Fig. 6. The ultra-rapid cell spreading and aggregation in HA–ADA–cRGD hydrogels is regulated by cell–nascent ECM interaction, cell adhesion structures containing β₁ class integrins, and actomyosin-based contractility.

a Representative images (magnifications on the right) of nascent proteins (white) and fibronectin (red) secreted by hMSCs encapsulated in HA–ADA–cRGD and HA–CA–cRGD gels within 18 h (scale bars, 200 µm (pictures on the left) and 20 μm (pictures on the right)). b Representative images (scale bars, 200 µm (main image) and 10 µm (inset)) of F-actin (green) expressed by the cells encapsulated in HA–ADA–cRGD and HA–CA–cRGD hydrogels after 18 h of treatment with different concentrations of a monoclonal antibody against the cell-adhesive domain of human fibronectin (HFN 7.1, 0, 5, 10 µg/mL, see Supplementary Fig. 19 for cell viability). Circularity of hMSCs encapsulated in HA–ADA–cRGD and HA–CA–cRGD hydrogels after 18 h of treatment with different concentrations of HFN 7.1 (0, 5, 10 µg/mL). Data are presented as mean values ± SD, n = 3 independent hydrogels, *p < 0.05, **p < 0.01 (two-tailed Student’s t-test). c Representative immunofluorescence staining against F-actin (red), nuclei (blue), and β₁ class integrins or β₃ class integrins (green) in hMSCs cultured in highly dynamic HA–ADA–cRGD hydrogels for 3 days (images on the top: scale bar = 200 μm.
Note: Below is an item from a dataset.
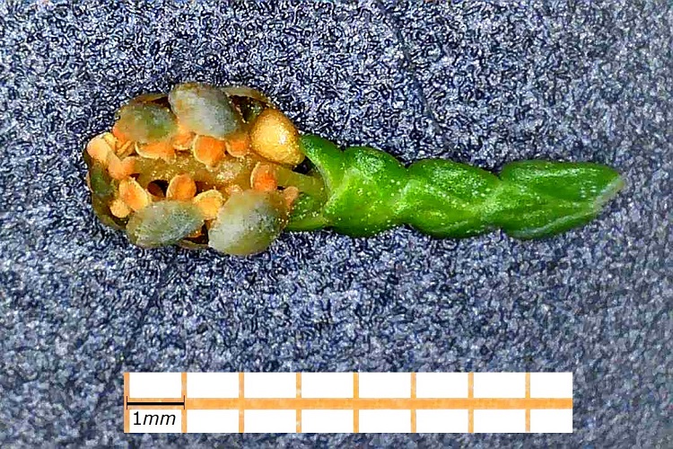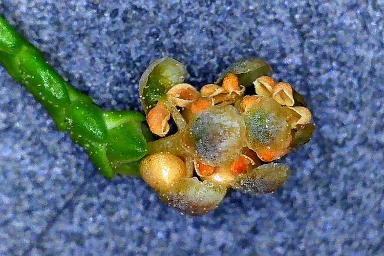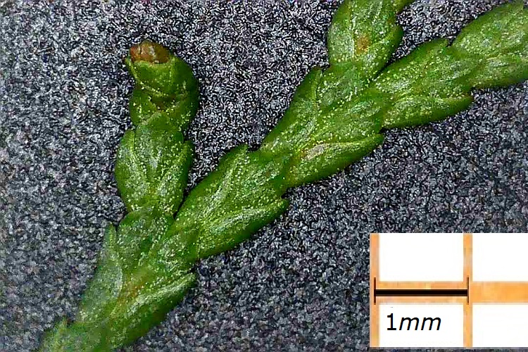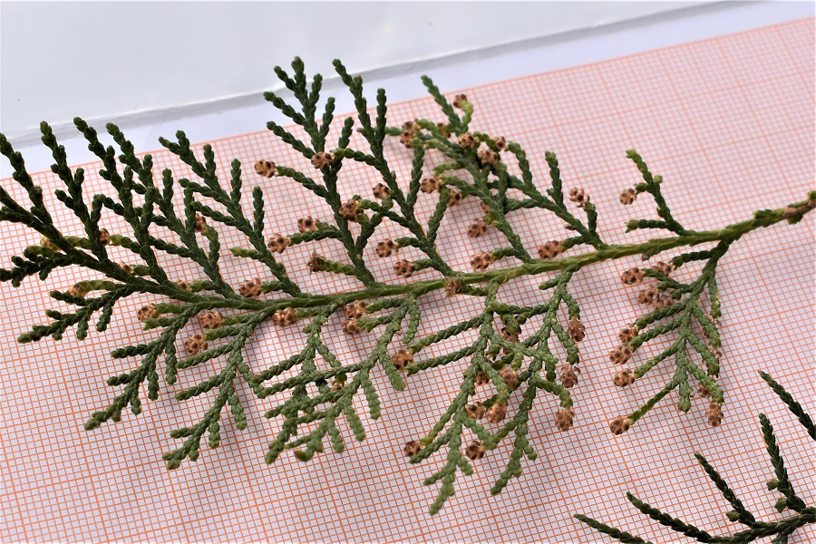 Frutto in giugno: squame uncinate e sovrapposte; colore glauco; dimensioni modesteLe squame schizzano all’infuori con angolo anche maggiore di novanta gradi.Sezione longitudinale e trasversaleAsporto di una squama; vale la pena asportare una squama per toccare con mano quante poche esse siano.A maturazione le squame si aprono e rimane un involucro a mo’ di rosetta legnosaLa pianta fiorisce in febbraio. Questa foto di Aprile mostra i frutti appena formatiQuando il cono si apre, qui in Ottobre, lascia cadere minuscoli semi senza ali.Fiori maschili, inizialmente giallo limone si imbruniscono quando emettono il polline.Dalle minuscole dimensioni, sono in forma di amenti con un asse centrale e diramazioni che portano in cima squame protettive.Sotto ogni squama alloggiano due sacche polliniche che si aprono a maturità. Questa incredibile foto mostra una sacca pollinica volutamente staccata dal suo supporto e rimasta miracolosamente illesa.Fiori femminili. Come per la gran parte delle conifere il fiore femminile ha la forma del frutto che verrà.Particolare. Le secrezioni aiutano la penetrazione del polline.Le foglie sono microscopiche, meno di 1 mm,… …e disposte su rametti curiosamente piatti… …di colore verde intenso, in primavera-estate, su entrambe le pagine; d’inverno tendono a diventare più gialline o rossicce.

Images on the bottom: scale bar = 50 μm). d Cell spreading in the highly dynamic HA–ADA–cRGD hydrogels after 1 day of culture with or without treatment with integrin-blocking antibodies, a myosin inhibitor (blebbistatin), a myosin light chain kinase inhibitor (ML-7), a ROCK inhibitor (Y-27632), or an inhibitor of actin polymerization (Cytochalasin D). Scale bar = 100 μm. The circularity of the hMSCs encapsulated within the hydrogels treated with different inhibitors. (The average circularity value is calculated according to C = 4πA/P², where A is the area occupied by the cell and P is the perimeter of the cell). Data are presented as mean values ± SD, n = 10 cells per group from two independent hydrogels; **p < 0.01, ***p < 0.001 (two-tailed Student’s t-test). e Multi-cell assembly in the highly dynamic HA–ADA–cRGD hydrogels after 4 days of culture with or without treatment with blocking antibodies and inhibitors. Scale bar = 100 μm. The quantification of the multicellularity of the cell clusters within the hydrogels treated with different inhibitors. Data are presented as mean values ± SD, n = 10 cell clusters per group from two independent hydrogels; **p < 0.01, ***p < 0.001 (two-tailed Student’s t-test).